[Action item]
Reproduce exactly the lines of the material beneath, from the line that contains "Dios del mar, los" to the line that contains "The X-Factor App", both included, and no other lines.

[Data for analysis]
== Segment start ==
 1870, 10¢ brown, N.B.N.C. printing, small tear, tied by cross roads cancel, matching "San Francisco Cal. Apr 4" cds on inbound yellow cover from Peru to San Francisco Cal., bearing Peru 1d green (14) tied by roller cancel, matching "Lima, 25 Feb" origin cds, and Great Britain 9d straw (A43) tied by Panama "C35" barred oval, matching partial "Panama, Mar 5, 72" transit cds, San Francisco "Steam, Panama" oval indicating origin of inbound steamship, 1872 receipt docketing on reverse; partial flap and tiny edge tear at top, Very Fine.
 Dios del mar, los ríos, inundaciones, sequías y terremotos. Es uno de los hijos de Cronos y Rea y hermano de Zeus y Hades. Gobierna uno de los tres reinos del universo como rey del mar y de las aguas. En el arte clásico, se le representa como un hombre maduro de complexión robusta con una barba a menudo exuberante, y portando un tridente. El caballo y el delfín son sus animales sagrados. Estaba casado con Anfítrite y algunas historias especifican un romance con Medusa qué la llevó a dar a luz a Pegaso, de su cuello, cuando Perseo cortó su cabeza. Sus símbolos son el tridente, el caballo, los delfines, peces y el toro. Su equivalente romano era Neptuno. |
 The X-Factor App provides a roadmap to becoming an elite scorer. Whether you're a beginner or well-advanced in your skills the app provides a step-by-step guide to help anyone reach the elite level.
== Segment end ==
== Segment start ==
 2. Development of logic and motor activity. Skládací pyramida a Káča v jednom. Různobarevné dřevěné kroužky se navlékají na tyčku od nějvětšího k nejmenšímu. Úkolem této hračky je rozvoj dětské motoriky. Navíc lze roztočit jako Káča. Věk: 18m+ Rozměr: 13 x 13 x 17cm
== Segment end ==
[Expected answer]
 Dios del mar, los ríos, inundaciones, sequías y terremotos. Es uno de los hijos de Cronos y Rea y hermano de Zeus y Hades. Gobierna uno de los tres reinos del universo como rey del mar y de las aguas. En el arte clásico, se le representa como un hombre maduro de complexión robusta con una barba a menudo exuberante, y portando un tridente. El caballo y el delfín son sus animales sagrados. Estaba casado con Anfítrite y algunas historias especifican un romance con Medusa qué la llevó a dar a luz a Pegaso, de su cuello, cuando Perseo cortó su cabeza. Sus símbolos son el tridente, el caballo, los delfines, peces y el toro. Su equivalente romano era Neptuno. |
 The X-Factor App provides a roadmap to becoming an elite scorer. Whether you're a beginner or well-advanced in your skills the app provides a step-by-step guide to help anyone reach the elite level.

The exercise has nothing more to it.